Goal-setting is hard.
It’s common for startups to have annual cycles of OK, let’s try OKRs again! It will work this time for sure!
The ecosystem and the associated jargon of company goal-setting would even make a statistician blush:
North Star Metric (NSM)
Top Line Metric (TLM)
One Metric That Matters (OMTM)
I will focus on NSM and OKR in this article, as I’m most familiar with implementing them.
Basics
Your company has a mission, and an accompanying vision.
Mission: What you are doing right know. A definition of your company.
Vision: Where you want to be. A desired future state.
Your (assumingly for-profit) company also has an implicit goal of, you know, making money. This capitalist tendency—you take it for granted. Your company doesn’t need to explicitly tell you Hey employee, we want to make more money (i.e. grow). Even when employees roll their eyes when senior leadership keeps talking about company mission + vision, the make more monies part is readily accepted.
In contrast, senior leadership should encapsulate how to go from mission (now) to vision (future) using a framework so that every employee can align on what really matters. One such framework is OKR, which consists of objectives and key results. From the author:
Objectives are the “what.” They describe the path forward, the place you want to be.
Key Results are the “how.” They provide the roadmap for accomplishing your Objectives.
Objectives are
Meaningful: top priority, clear direction
Audacious: significant change, not BaU
Inspiring: easy to remember, empowering
Key results are
Specific & time-bound: what needs to happen & when
Aggressive yet realistic: aspirational but not unrealistic
Measurable & verifiable: clear success criteria
It is common to have a 3x3 company-wide OKRs, where you have 3 objectives with 3 key results each. From there, you have two options:
Explicit alignment: you ‘inherit’ a key result of one your boss’ objectives
Directional alignment: you use company-wide OKRs as a guide to align your function
Within the company-wide objectives, there is one first-amongst-equals. This is your top priority, highest focus. NSM is that highest-level objective.
Why not Revenue as a NSM?
Everyone cares about revenue. Everyone should capture, log, and monitor their revenue as accurately as possible—although you’d be surprised how many n
-year-old startups do not (cannot) do this.
But, the definition of a North Star metric is
the single metric that best captures the core value that your product delivers to customers.
and
To uncover your North Star Metric, you must understand the value your most loyal customers get from using your product.
The primary goals of introducing a NSM are reducing admin, simplifying meetings, and aligning teams around a singular goal (i.e. growth). You should be able to point at your NSM and that’s all your people need to make sure that they are correctly oriented.
There you have it—NSM is a metric that a company uses as a focus for their growth. You don’t need to explicitly make revenue your NSM; it is already there. NSM is what you are offering to your customers, in exchange for taking their money—your value proposition.

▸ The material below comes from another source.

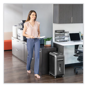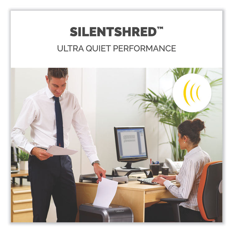 Provides powerful professional shredding with jam protection. The 100% Jam Proof System eliminates paper jams and powers through tough jobs. SafeSense® Technology stops shredding when hands touch the paper opening. SilentShred offers ultra-quiet performance for shared workspaces. Energy Savings System provides optimal energy efficiency 100% of the time-in use and out of use. Shreds 18 sheets per pass into 5/32" x 1 1/2" cross-cut particles (Security Level P-4), also shreds staples, credit cards, paper clips, CDs/DVDs and junk mail. Includes 9-gallon pull-out bin with LED bin-full indicator. Maximum run time: 30 on/40 off. For one to three users.

This is the definitional issue, which some might put aside as semantics. What about more tangible cons? There are several:
Increased revenue != efficient growth. You can be growing, but at what cost? A company can say they increased revenue by
X
times inY
months. It’s impossible to pass judgment on those numbers without knowing more about the costs and efficiency.Increased revenue != product fit. Similar to above, the fact that you are seeing more revenue doesn’t necessarily mean you are exploiting a true gap in the market. This is the all-too-familiar story of extraordinary marketing success coupled with a mediocre product.
Revenue above all > long-term thinking. Any observed statistical regularity will tend to collapse once pressure is placed upon it for control purposes. If you make your employees fixate on generating more revenue, they will do so by any means necessary. This will lead to short-term wins at the cost of long-term viability.
Revenue is simply uninspiring as a primary motivator. Even though this is the most human-oriented factor, I believe it to be the most important. Consider the following two cases:
Your company is hiring for middle and/or senior management. Amongst other things, the recruiter tells the candidate
We care about [insert revenue variant]. This is our absolute #1 focus.
You are a middle manager, you gather your team(s) to achieve alignment with the high-level company objectives. You tell them
We care about [insert revenue variant]. This is our absolute #1 focus.
Not the most inspiring pitch, is it? Instead, if you remove one step from revenue and identify your core value proposition, and instead try to recruit candidates and motivate employees by championing that, that is more interesting, human, worthwhile.
You can even add specificity to the list as an added bonus. When I hear a company has revenue as a NSM—and for disclaimer, all the companies I worked for more or less had revenue as a NSM—I think what a missed opportunity; it would be more informative if instead they shared their core value proposition with me. I already know they want to make more money. Everyone does!
TL;DR: Use your NSM to tell something useful (informative, guiding) to your existing and future employees.